I am adding columns to an inner join and do not understanding the result.
Consider tables A,B:
A <- data.table(id=c(1,2,3), x_val = c("x1", "x2", "x3"))
id x_val
# 1: 1 x1
# 2: 2 x2
# 3: 3 x3
B <- data.table(id=c(1,2,4), y_val = c("y1", "y2", "y3"))
# id y_val
# 1: 1 y1
# 2: 2 y2
# 3: 4 y3
Now consider these joins, first two make complete sense.
A[B, on=.(id)]
# rows=3 This join is what I expect. The last row of B is included, but col A no has match.
# id x_val y_val
# <num> <char> <char>
# 1: 1 x1 y1
# 2: 2 x2 y2
# 3: 4 <NA> y3
#
A[B, on=.(id), nomatch=NULL]
# rows=2 To remove the unmatching row use nomatch=NULL (ie inner join)
# id x_val y_val
# <num> <char> <char>
# 1: 1 x1 y1
# 2: 2 x2 y2
Now the surprise.
Done with rows, now focus on columns
:
In the cases below each of the columns
and labels are expected, but the number of rows is not. I expect 2 rows in each case.
What am I missing?
A[B, .(A.id = A$id), on=.(id), nomatch=NULL]
# A.id
# <num>
# 1: 1
# 2: 2
# 3: 3
A[B, .(B$id), on=.(id), nomatch=NULL]#
# V1
# <num>
# 1: 1
# 2: 2
# 3: 4
A[B, .(A.id = A$id, B.id= B$id, A.x_val = A$x_val, B$y_val), on=.(id), nomatch=NULL]
# A.id B.id A.x_val V4
# <num> <num> <char> <char>
# 1: 1 1 x1 y1
# 2: 2 2 x2 y2
# 3: 3 4 x3 y3
CodePudding user response:
To select columns while merging two data.table
s (like you are doing), you should not use a dollar symbol. You can prefix the names of the columns in A and B (in the merge of the A[B]
) by x.
and i.
respectively (see below).
What you're missing is that, in your examples, you are selecting the columns in the original dataset (which has 3 rows) and not in the (inner)joined dataset which has 2 rows.

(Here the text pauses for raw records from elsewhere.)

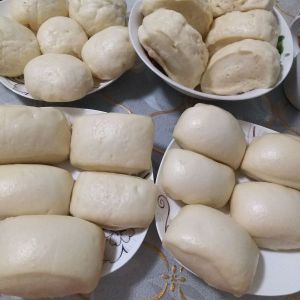 然后把做好的馒头放入蒸锅中盖上盖子静止半小时进行第二次醒发(一个个要分开的远一点)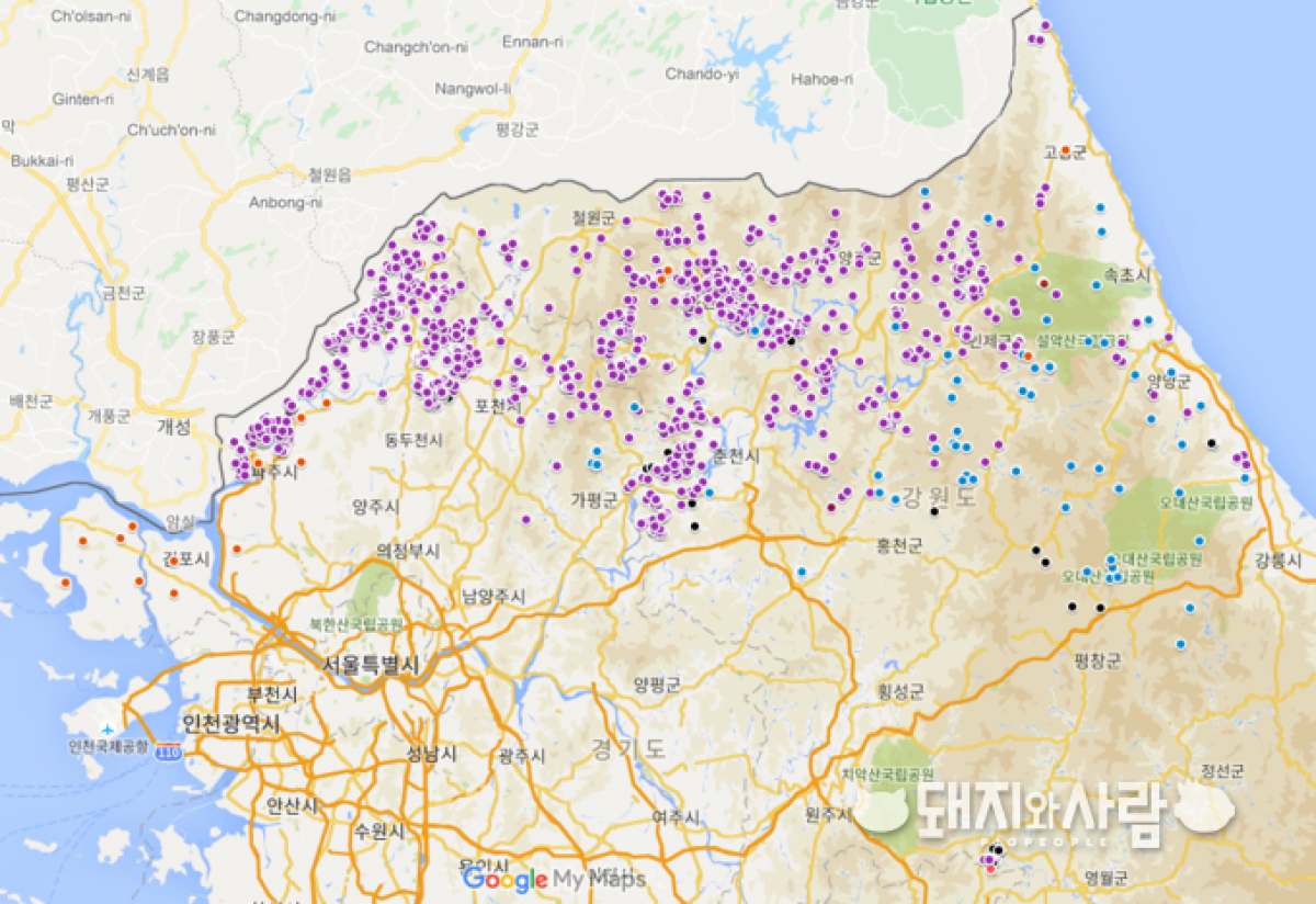 국내 ASF 발생지도(파란색 8월 신규 양성 멧돼지 발견지점)@구글지도 편집 1
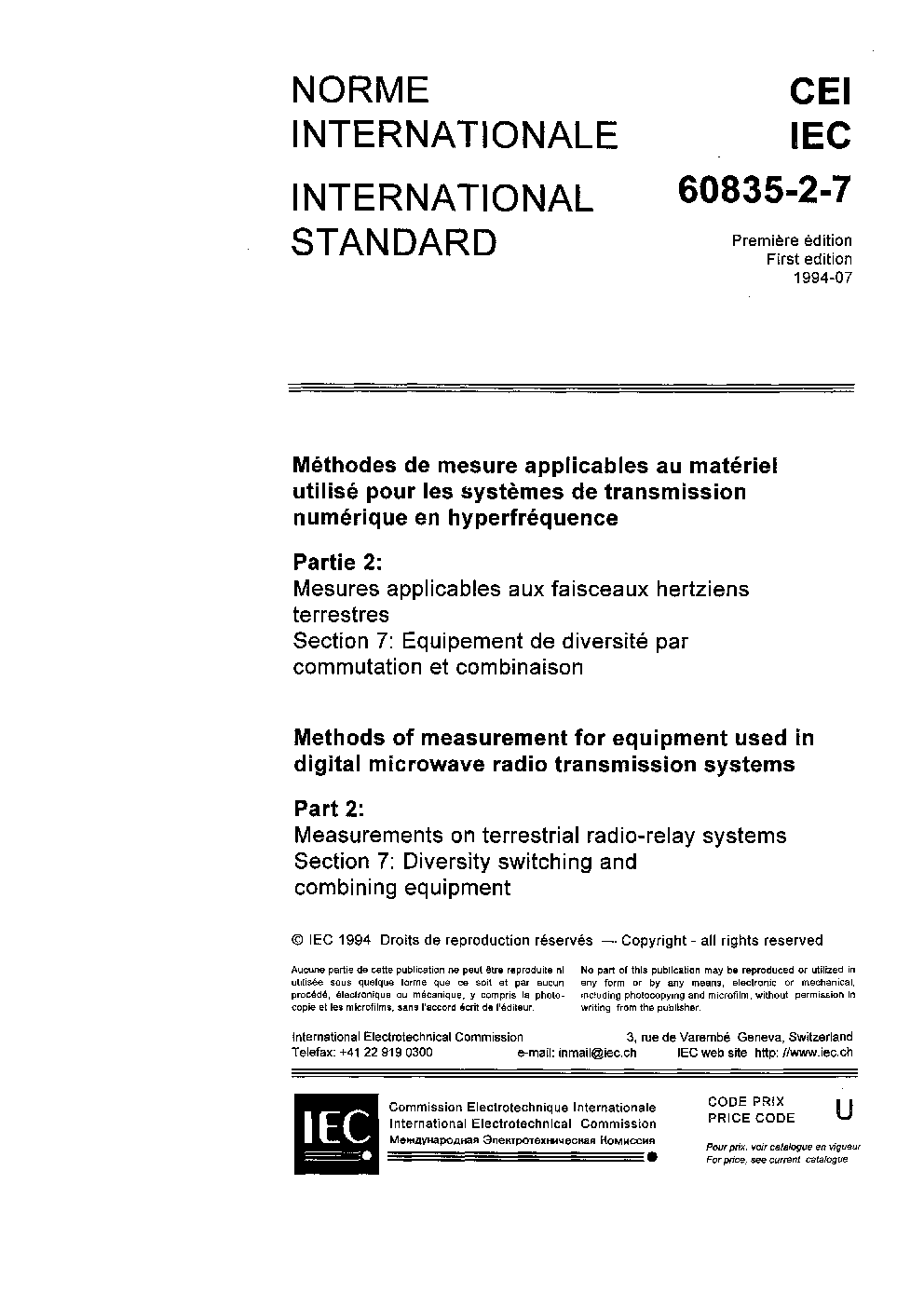 IEC 60835-2-7:1994 Methods of measurement for equipment used in digital microwave radio transmission systems - Part 2: Measurements on terrestrial radio-relay systems - Section 7: Diversity switching and combining equipment

A[B, .(A.id = x.id), on=.(id), nomatch=NULL] # prefixing id with x. select id from A
# A.id
# 1: 1
# 2: 2
A[B, .(i.id), on=.(id), nomatch=NULL] # prefixing id with i. select id from B
# i.id
# 1: 1
# 2: 2
A[B, .(A.id = x.id, B.id= i.id, A.x_val = x.x_val, i.y_val), on=.(id), nomatch=NULL]
# A.id B.id A.x_val i.y_val
# 1: 1 1 x1 y1
# 2: 2 2 x2 y2